Discussion of article "Backpropagation Neural Networks using MQL5 Matrices"

 

New article Backpropagation Neural Networks using MQL5 Matrices has been published:

The article describes the theory and practice of applying the backpropagation algorithm in MQL5 using matrices. It provides ready-made classes along with script, indicator and Expert Advisor examples.

As we will see below, MQL5 provides a large set of built-in activation functions. The choice of a function should be made based on the specific problem (regression, classification). Usually, it is possible to select several functions and then experimentally find the optimal one.

Popular activation functions

Popular activation functions

Activation functions can have different value ranges, limited or unlimited. In particular, the sigmoid (3) maps the data into the range [0,+1], which is better for classification problems, while the hyperbolic tangent maps data into the range [-1,+1], which is assumed better for regression and forecasting problems.

Author: Stanislav Korotky

 
matrix temp;
if(!outputs[n].Derivative(temp, of))

In the backpropagation ,the derivative functions expect to receive x and not activation of x (unless they changed it recently for the activation functions it applies to)

Here is an example :

#property version   "1.00"

int OnInit()
  {
//---
  double values[];
  matrix vValues;
  int total=20;
  double start=-1.0;
  double step=0.1;
  ArrayResize(values,total,0);
  vValues.Init(20,1);
  for(int i=0;i<total;i++){
  values[i]=sigmoid(start);
  vValues[i][0]=start;
  start+=step;
  }
  matrix activations;
  vValues.Activation(activations,AF_SIGMOID);
  //print sigmoid
  for(int i=0;i<total;i++){
  Print("sigmoidDV("+values[i]+")sigmoidVV("+activations[i][0]+")");
  }
  //derivatives
  matrix derivatives;
  activations.Derivative(derivatives,AF_SIGMOID);
  for(int i=0;i<total;i++){
  values[i]=sigmoid_derivative(values[i]);
  Print("dDV("+values[i]+")dVV("+derivatives[i][0]+")");
  }
//---
   return(INIT_SUCCEEDED);
  }

double sigmoid(double of){
return((1.0/(1.0+MathExp((-1.0*of)))));
}

double sigmoid_derivative(double output){
return(output*(1-output));
}

Also theres Activation functions for which you can send in more inputs both in the activation and the derivation , like the elu for instance

Derivative(output,AF_ELU,alpha);
Activation(output,AF_ELU,alpha);
 
Lorentzos Roussos #:

In the backpropagation ,the derivative functions expect to receive x and not activation of x (unless they changed it recently for the activation functions it applies to)
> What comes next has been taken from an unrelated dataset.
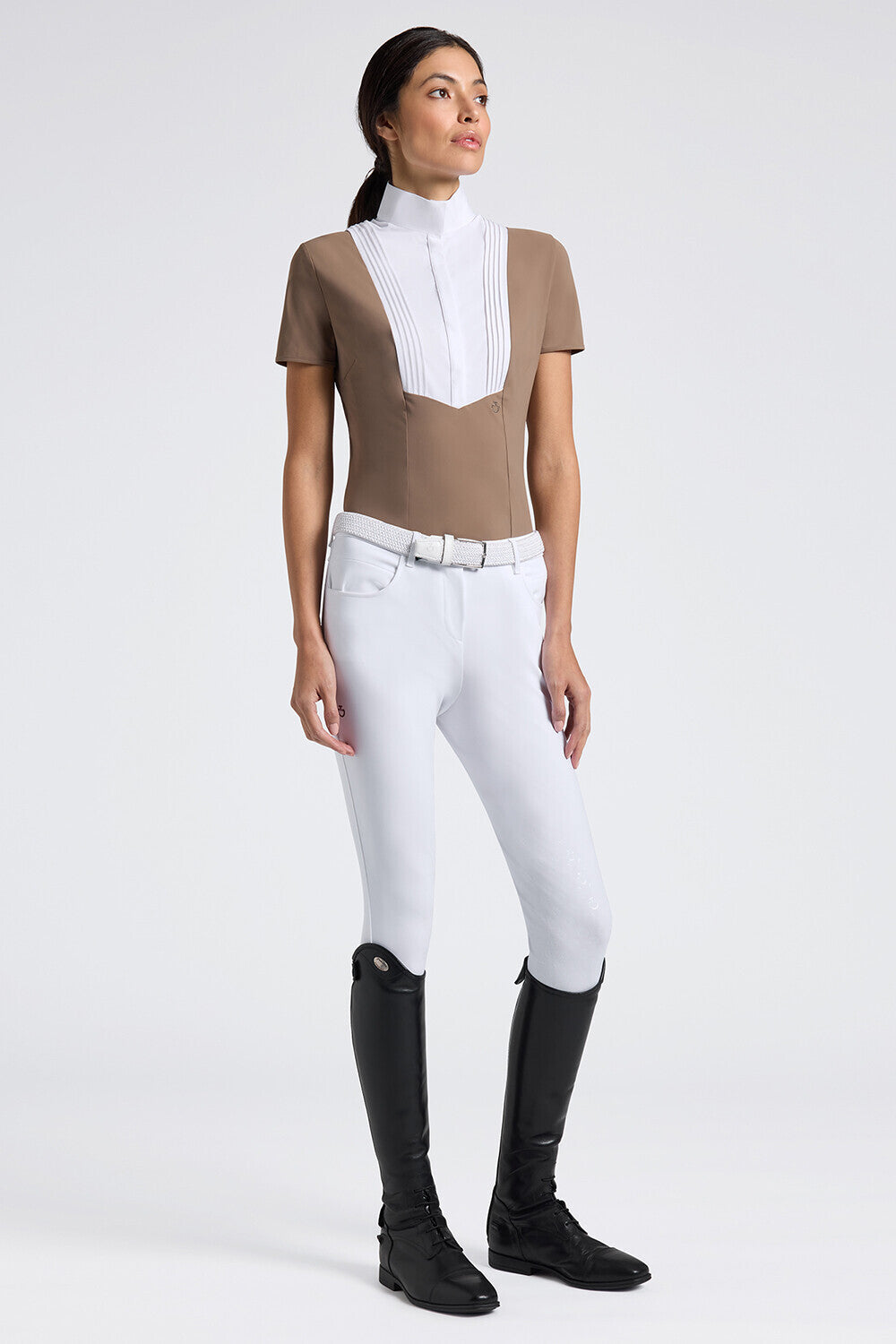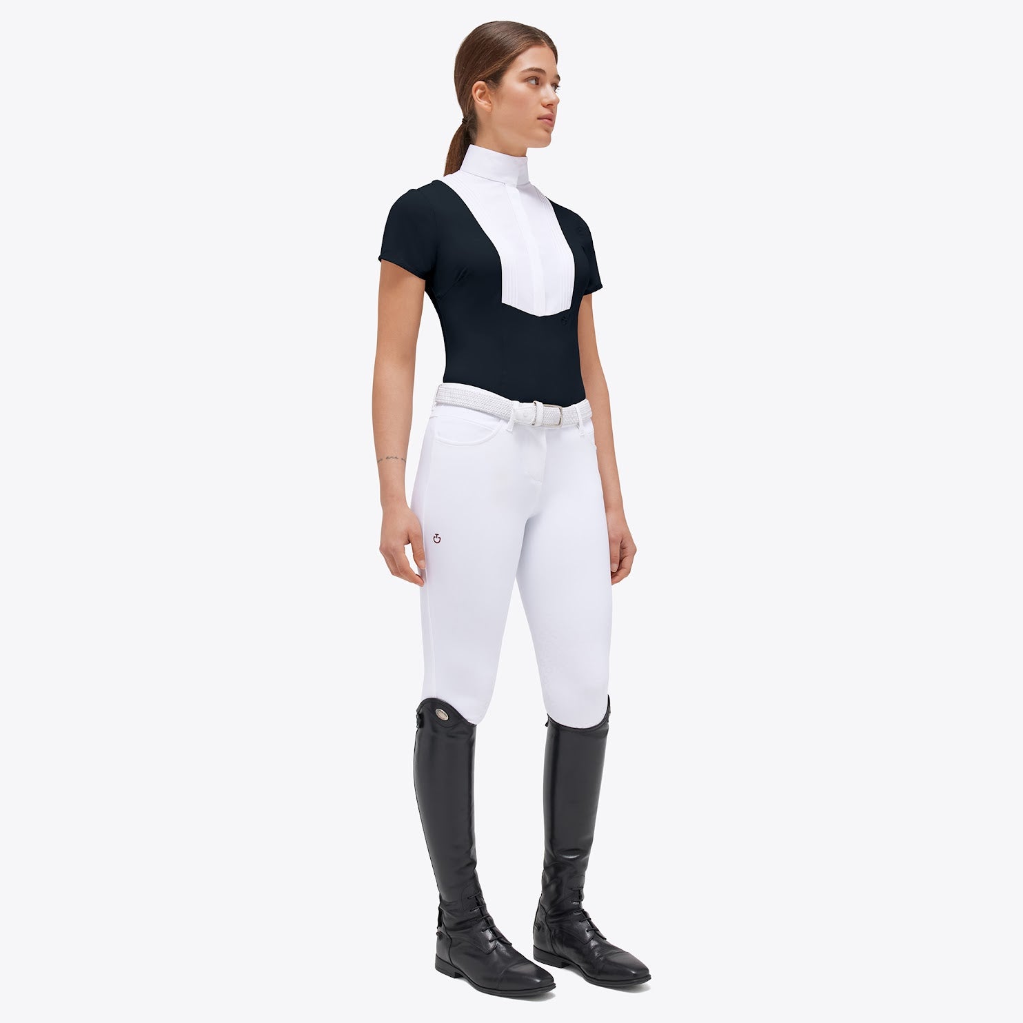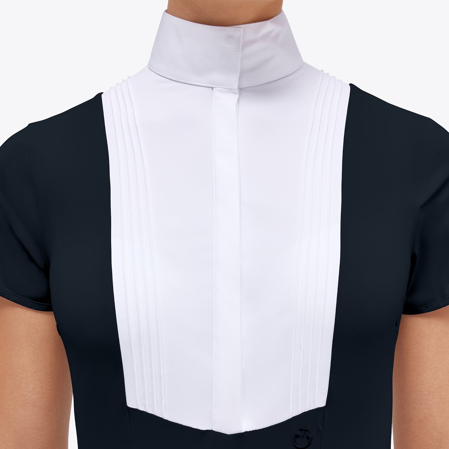 The women's short-sleeved Hunter shirt features a poplin high collar and a front bib with pleated details and hidden buttons. This competition shirt is made from highly breathable 4-way stretch technical jersey that perfectly fits to the body, following your movements. It features a very small tone on tone logo on the front.

I'm not sure what you mean. There are formulae in the article, which are converted into the lines of source code exactly. The outputs are obtained with Activation call during feedforward stage, and then we take their derivatives on backpropagation. Probably you missed that indexing of output arrays in the classes are with +1 bias to the indexing of layer weights.

 
Stanislav Korotky #:

I'm not sure what you mean. There are formulae in the article, which are converted into the lines of source code exactly. The outputs are obtained with Activation call during feedforward stage, and then we take their derivatives on backpropagation. Probably you missed that indexing of output arrays in the classes are with +1 bias to the indexing of layer weights.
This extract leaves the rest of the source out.